--- Data in this exercise Enclosed Below ---

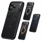 iPhone17 ケース 17 Air/17 Pro/17 Pro Max カメラ保護あり 耐衝撃 Qi充電 ワイヤレス充電 対応 カバー カーボン調 一体型リング付き スタンド機能 お洒落
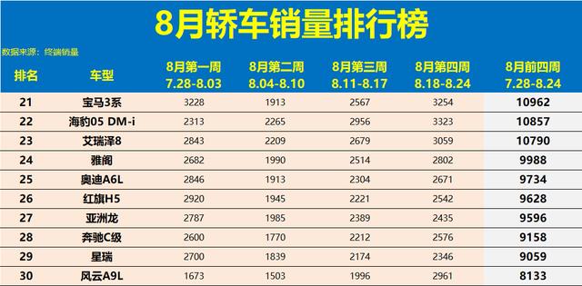 燃油车大败!8月轿车销量排行:23款过万,秦L第6,凯美瑞第15
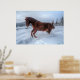 Spirited Sorrel Horse Rearing Up in Winter Snow Poster
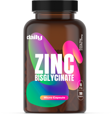 Zinc Bisglycinate by Daily je doplněk s vysokou vstřebatelností a šetrností k zažívání. Obsahuje 15 mg zinku ve formě MagChel® bisglycinátu – organicky vázané sloučeniny, kterou tělo snadno rozpozná a využije. Zinek přispívá k normální funkci imunitního systému, zdraví pokožky, vlasů, nehtů i reprodukčního systému.
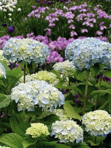 菖蒲をバックに紫陽花も美しかった
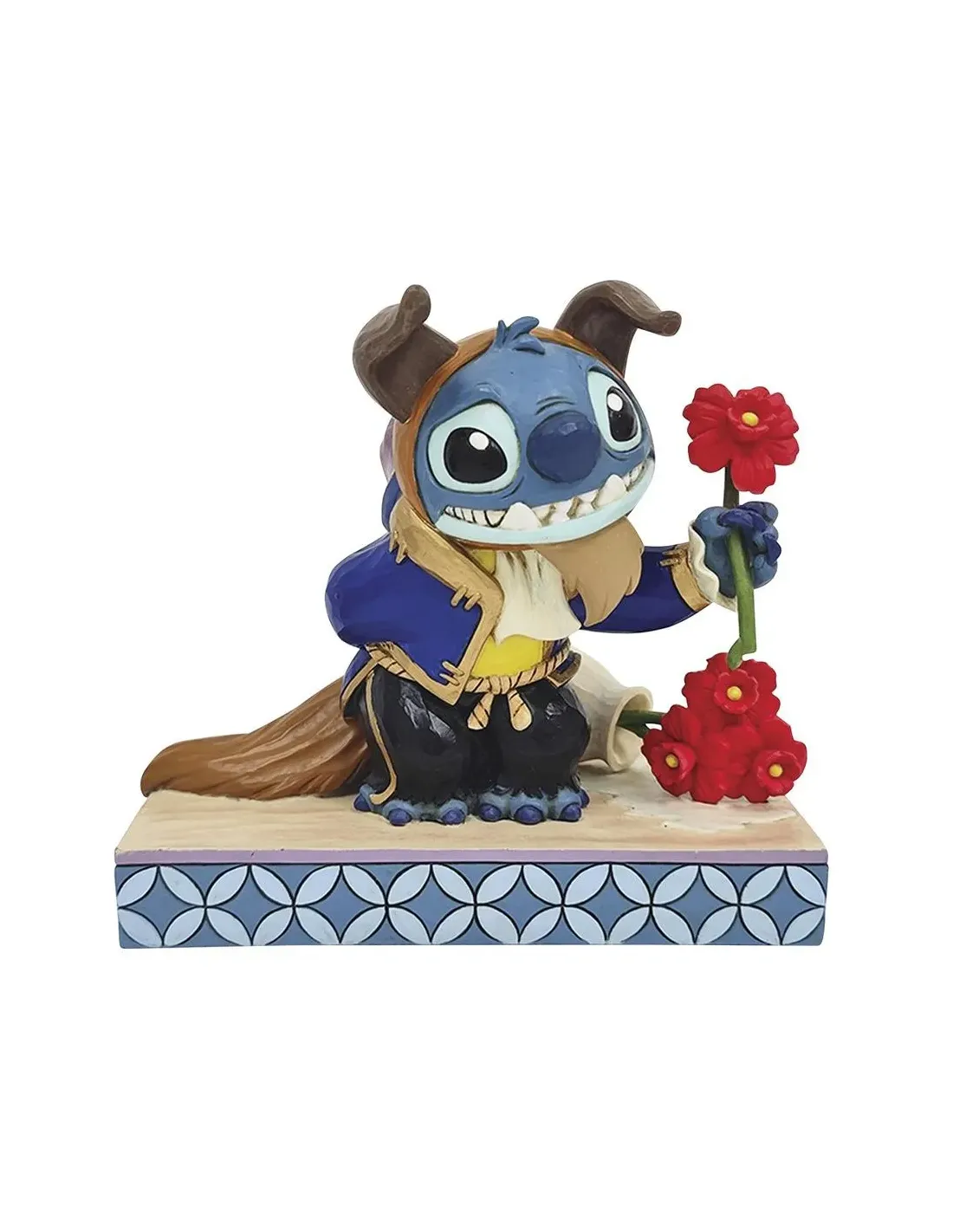 Características de la Figura Enesco Disney Stitch como la BestiaEsta figura coleccionable de la línea Disney Traditions, diseñada por el reconocido artista Jim Shore, captura a Stitch en una representación única y encantadora del clásico personaje de Disney. Inspirada en la película La Bella y la Bestia, esta pieza presenta a Stitch caracterizado como la Bestia, con su inconfundible atuendo azul real y una expresión adorable que le aporta carácter y simpatía a cualquier colección.Diseño exclusivo para coleccionistas DisneyIdeal para los amantes de Disney y seguidores de Jim Shore, esta figura combina el estilo artesanal característico del artista con un guiño a uno de los cuentos más queridos del universo Disney. Stitch sostiene una flor en actitud amistosa, convirtiendo esta pieza en un elemento emotivo y visualmente atractivo.Diseño original de Jim Shore para EnescoInspirada en "La Bella y la Bestia"Stitch disfrazado como la Bestia, con traje azul y rosa en manoFigura decorativa, no apta para niñosEste producto está destinado exclusivamente para adultos coleccionistas. No se trata de un juguete, sino de una figura decorativa elaborada con detalle para exposición en vitrinas, estanterías o espacios temáticos de colección.No apto para uso infantilDiseñado para exhibiciónIdeal como regalo para fans de Disney y StitchOtras especificacionesMaterial: Requiere confirmación (habitualmente resina pintada a mano)Dimensiones: No especificadasEdición: Requiere confirmación si es limitada o numerada
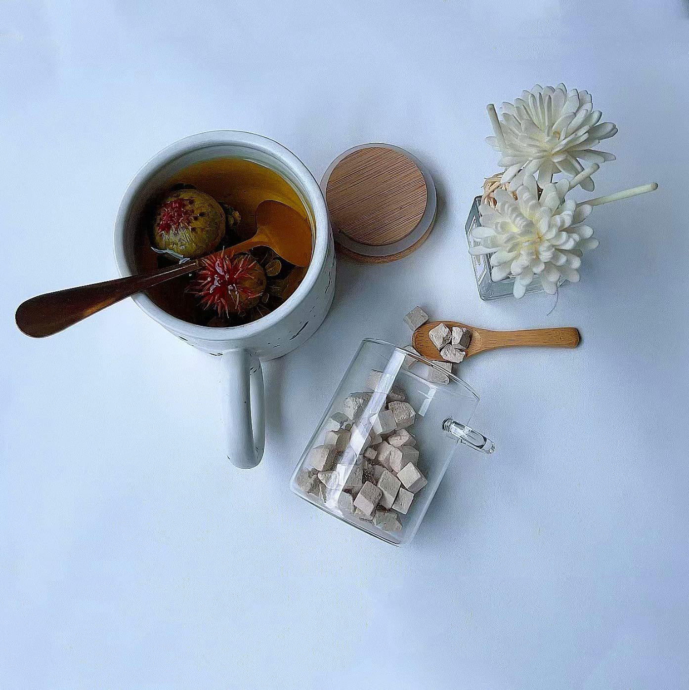 - Q: What materials are the jars made from? A: The jars are made from high borosilicate glass, while the lids and spoons are made from bamboo.
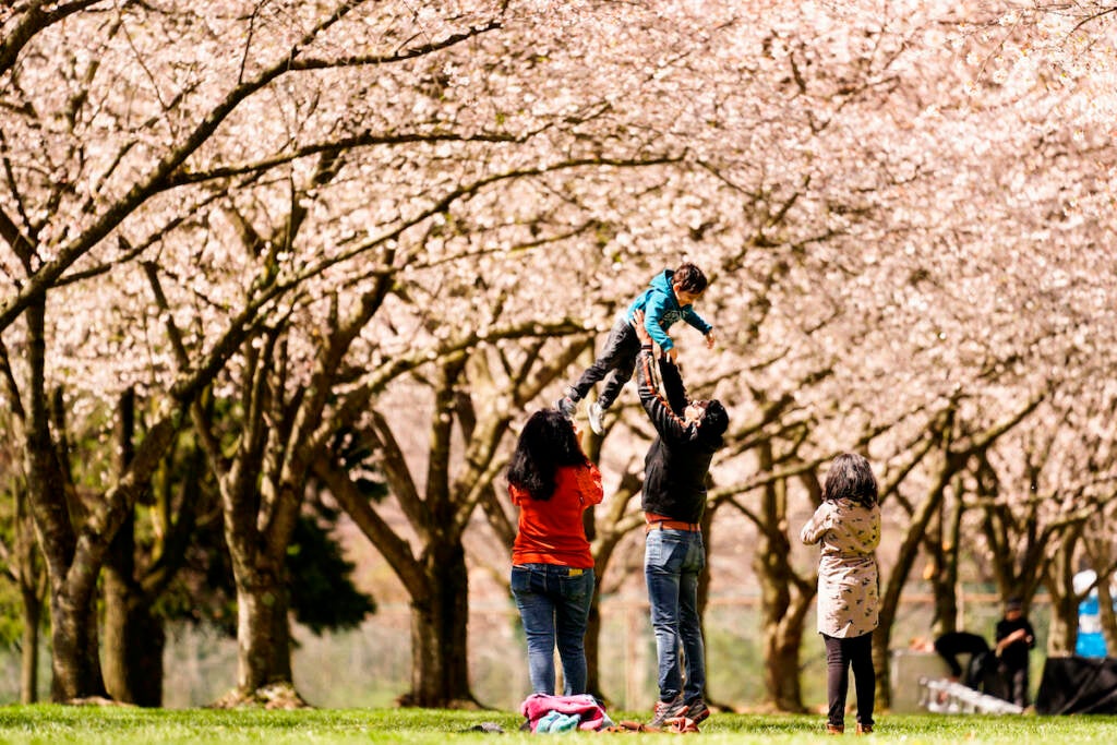 People photographs beneath the cherry blossoms at the Fairmount Park Horticulture Center in Philadelphia, Friday, April 8, 2022. (AP Photo/Matt Rourke)
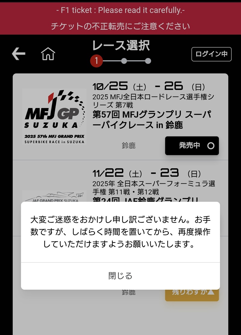管理人はすでにチケット確保済なので、本当に欲しい方の邪魔にならないようにアクセスを切って様子をみることにしました。
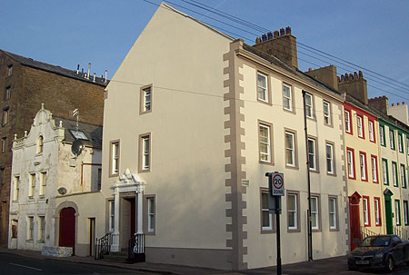 The acorn is the focal point of the scrolled pediment from one of the earliest surviving doorways in Whitehaven, dating from about 1745, on the corner of Scotch Street. With its ionic columns, the doorway to 30 Roper Street was probably designed by its original owner James Spedding whose family's heraldry included the acorn device.
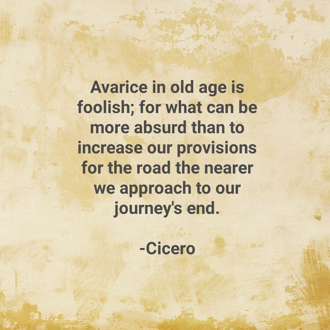 “Avarice in old age is foolish; for what can be more absurd than to increase our provisions for the road the nearer we approach to our journey’s end.”
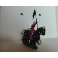 CAVALIER AVEC PORTE ORIFLAMME CHEVAL A ROBE BLEU FONCÉ SOCLE PELOUSE
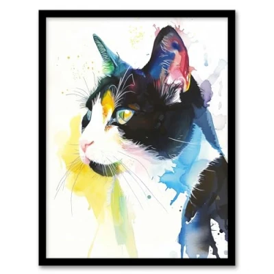 Artery8 Tuxedo Black White Cat Lover Bright Watercolour Living Room Artwork Framed Wall Art Print A4
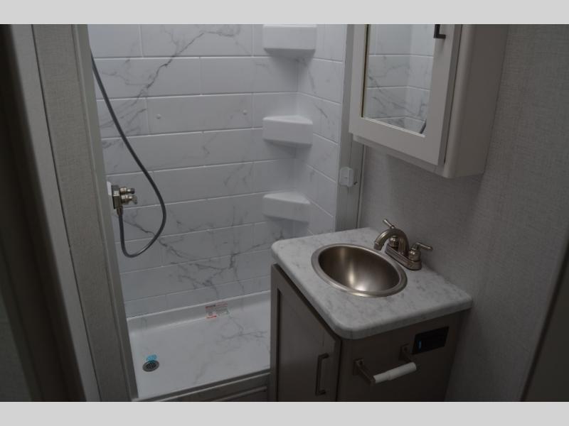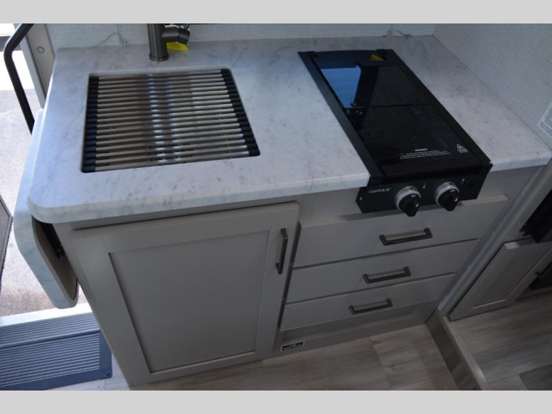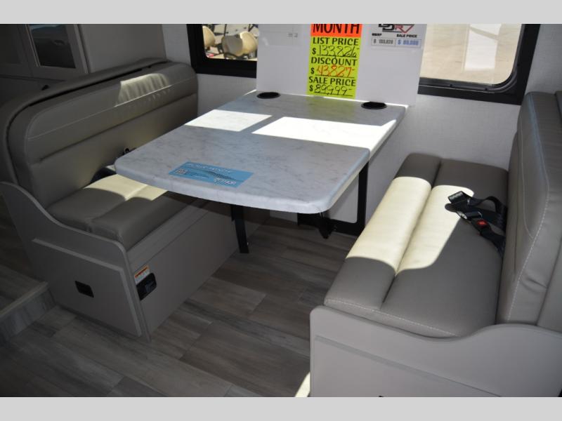 It won't be hard to find comfort in this coach for five! You can freshen up in the rear corner full bath once you've set up camp, then make lunch on the two burner gas cooktop or convection microwave with an air fryer. There is also a 12V refrigerator for cold items and a flip-up countertop for more space. Whether you dine at the Dream Dinette or take your plate outdoors under the 15' power awning, you're sure to have a great time in this motorhome. The rear corner full-size bed will provide a comfy place to rest your head at night, while your guests take the dinette and cab-over bunk!
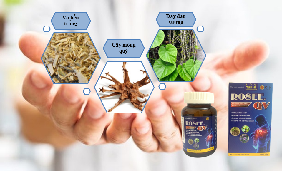 Chính vì thế, để đem lại hiệu quả tốt nên lựa chọn xương khớp ROSEE. QV có sự kết hợp móng quỷ, dây đau xương, vỏ liễu trắng, Bromelain, độc hoạt, phòng phong, Aquacal F (canxi từ tảo đỏ), acid Hyaluronic, Glucosamin sulfat, Chondrotin Sulfat, MSM được bào chế dưới dạng viên nén tiện dùng
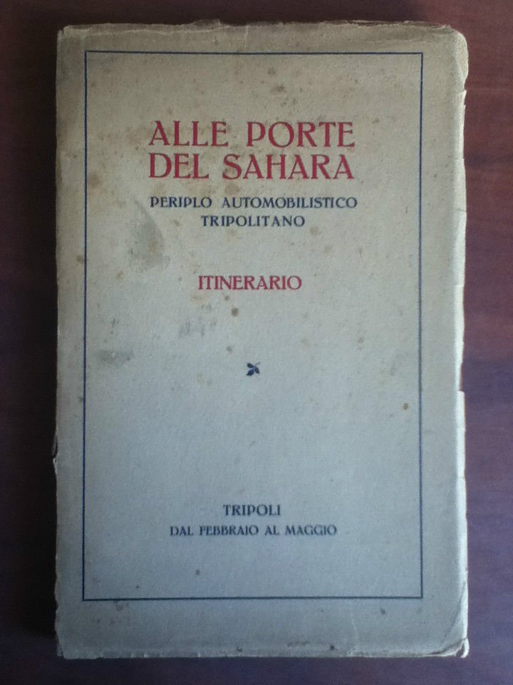 ALLE PORTE DEL SAHARAPERIPLO AUTOMOBILISTICO TRIPOLITANOITINERARIOTripoli dal Febbraio al Maggio50 pagine immagini b/n - formato 13,5x20,5 cmin buono stato salvo copertina e dorso parzialmente danneggiati come da foto (170 g)E20159

--- End of Enclosed Data in this exercise ---

§ Brief:
Give back exactly the lines above from the one with "燃油车大败!8月轿车销量排行:23款过万,秦L第6,凯美瑞第15" through the one with "菖蒲をバックに紫陽花も美しかった", both included. Pictures don't belong in the copy.

§ Reply to the task:
 燃油车大败!8月轿车销量排行:23款过万,秦L第6,凯美瑞第15
 Spirited Sorrel Horse Rearing Up in Winter Snow Poster
 Zinc Bisglycinate by Daily je doplněk s vysokou vstřebatelností a šetrností k zažívání. Obsahuje 15 mg zinku ve formě MagChel® bisglycinátu – organicky vázané sloučeniny, kterou tělo snadno rozpozná a využije. Zinek přispívá k normální funkci imunitního systému, zdraví pokožky, vlasů, nehtů i reprodukčního systému.
 菖蒲をバックに紫陽花も美しかった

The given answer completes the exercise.